Core (the acronym for Curriculum Open Access Resources in Economics) is a project led by professor Wendy Carlin from UCL, UK, that aims to improve the content and delivery of the economics curriculum around the world. Other remarkable economists have been and are part of this project such as Diane Coyle and Samuel Bowles.

According to the website of the project, www.core-econ.org CORE is:

“a) a global community of learners, teachers and researchers;

  1. b) a problem- motivated and interactive way to learn economics;
  2. c) bringing recent developments into the classroom;
  3. d) giving everyone the tools to understand the economics of the world around   them”.

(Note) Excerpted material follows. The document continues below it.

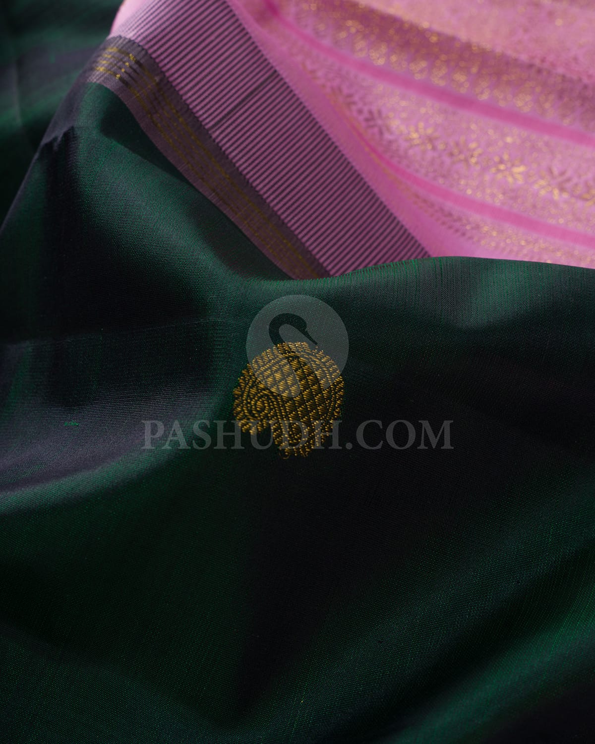Graceful and steeped in tradition, this saree features a rich dark green body adorned with exquisite gold zari mango and rudhraksh buttas that lend a sacred charm and timeless elegance. The intricate motifs shimmer beautifully against the deep green base, creating a look of regal sophistication. Complementing the body is a lilac border woven with lustrous gold zari, adding a soft yet striking contrast. Perfect for festive and traditional occasions, this saree embodies heritage, richness, and refined grandeur in every drape.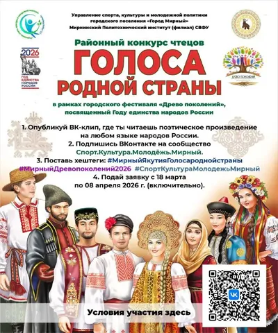 🎙 Стань голосом родной страны! Управление спорта, культуры и молодежной политики города совместно с Мирнинским Политехническим институтом запускает конкурс чтецов "Голоса родной страны", посвященн

As Mearman et al (2016: 5) explain: “CORE is a large undergraduate year one course called ‘The Economy’, which itself comprises nineteen modules on a range of topics. CORE is neither a Massive Online Course (MOOC) nor a course in the traditional sense, but an online resource, a frame to be elaborated”. According to the same authors, CORE represents both an ‘improvement’ and a ‘missed opportunity’. On the one hand, CORE employs historical and experimental data and draws on the history of economics or new branches of economics such as theory of games, covering thus a variety of topics. On the other hand, the course is rife with concepts and elements unsupported by evidence, such as utility maximization that constitute fundamental components of CORE (Mearman et al 2016).